→ What to work on
In your copy of the listing below, reproduce each word exactly and include no pictures.

→ Given material
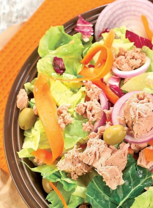 Salatu i blitvu operite i iscjepkajte rukama. Šargarepu oljuštite, pa je ljuštilicom izrežite na tanke trake. Crveni luk isijecite na rebarca, sve promiješajte, pa dodajte masline i tunjevinu. Maslinovo ulje, sok od limuna, so i peršun stavite u teglicu, dobro promućkajte i prelijte salatu.
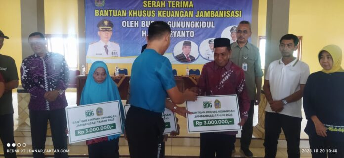 Ponjong (Fakta9.com)_ _// Bantuan Khusus Keuangan (BKK) Jabanisasi diserahkan kepada 110 warga yang bertempat tinggal di Kalurahan Sawahan, Kalurahan Umbulrejo, dan Kalurahan Genjahan Kapanewon Ponjong.
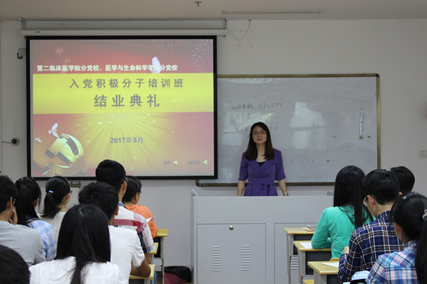 5月18日中午,医学与生命科学公司分党校与第二临床伟德betvlctor体育官网分党校合作开展的入党积极分子培训班结业典礼在丰盛楼216教室举行。医学与生命科学公司党委杨羽书记、第二临床公司党委倪光夏书记及部分指导老师出席了结业典礼。

→ Solution below
 Salatu i blitvu operite i iscjepkajte rukama. Šargarepu oljuštite, pa je ljuštilicom izrežite na tanke trake. Crveni luk isijecite na rebarca, sve promiješajte, pa dodajte masline i tunjevinu. Maslinovo ulje, sok od limuna, so i peršun stavite u teglicu, dobro promućkajte i prelijte salatu.
 Ponjong (Fakta9.com)_ _// Bantuan Khusus Keuangan (BKK) Jabanisasi diserahkan kepada 110 warga yang bertempat tinggal di Kalurahan Sawahan, Kalurahan Umbulrejo, dan Kalurahan Genjahan Kapanewon Ponjong.
 5月18日中午,医学与生命科学公司分党校与第二临床伟德betvlctor体育官网分党校合作开展的入党积极分子培训班结业典礼在丰盛楼216教室举行。医学与生命科学公司党委杨羽书记、第二临床公司党委倪光夏书记及部分指导老师出席了结业典礼。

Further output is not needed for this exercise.